# Data block:
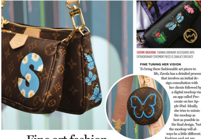
CUSTOM CREATIONS TURNING ORDINARY ACCESSORIES INTO EXTRAORDINARY STATEMENT PIECES IS ZAVALA'S SPECIALTY.
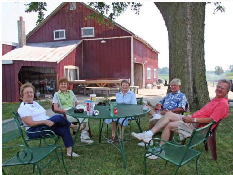
while others tended the shade.
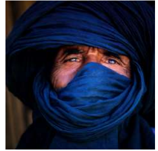
Welcome to Algeria!

Breakfast at the hotel and visit of ALGERI (from the Arabic El Djezair), declared a UNESCO World Heritage Site, with its whitewashed houses, overlooking the Mediterranean and surrounded by verdant, fertile hills. This historic city was first the most powerful of the corsair bases in Barbary in the time of the pirate Barbarossa, then dominated by the Ottomans for three centuries, and later a residential centre during the French colonial period. We will begin with a stroll through the medina of ALGERI, built on the ruins of ancient Icosium: we will wander through the labyrinthine alleyways of the kasbah, most of which dates back to the 16th century, and admire the numerous mosques (exterior) and historic residences known as dar (exterior). We will then continue along the waterfront, where the architectural imprint of the French period is clearly visible, with large tree-lined avenues, arcades, and elegant buildings. Seafood lunch in a restaurant. Transfer to the airport in time for the Air Algerie flight to Ghardaia. Upon arrival, transfer to Hotel Les deux tours or similar. Dinner and overnight in a double room with services.

# Prompt:
The lines wanted run from the first one in the material above through the line containing "Welcome to Algeria!"; give them again exactly, leaving out the pictures.

# Result below:
CUSTOM CREATIONS TURNING ORDINARY ACCESSORIES INTO EXTRAORDINARY STATEMENT PIECES IS ZAVALA'S SPECIALTY.
while others tended the shade.
Welcome to Algeria!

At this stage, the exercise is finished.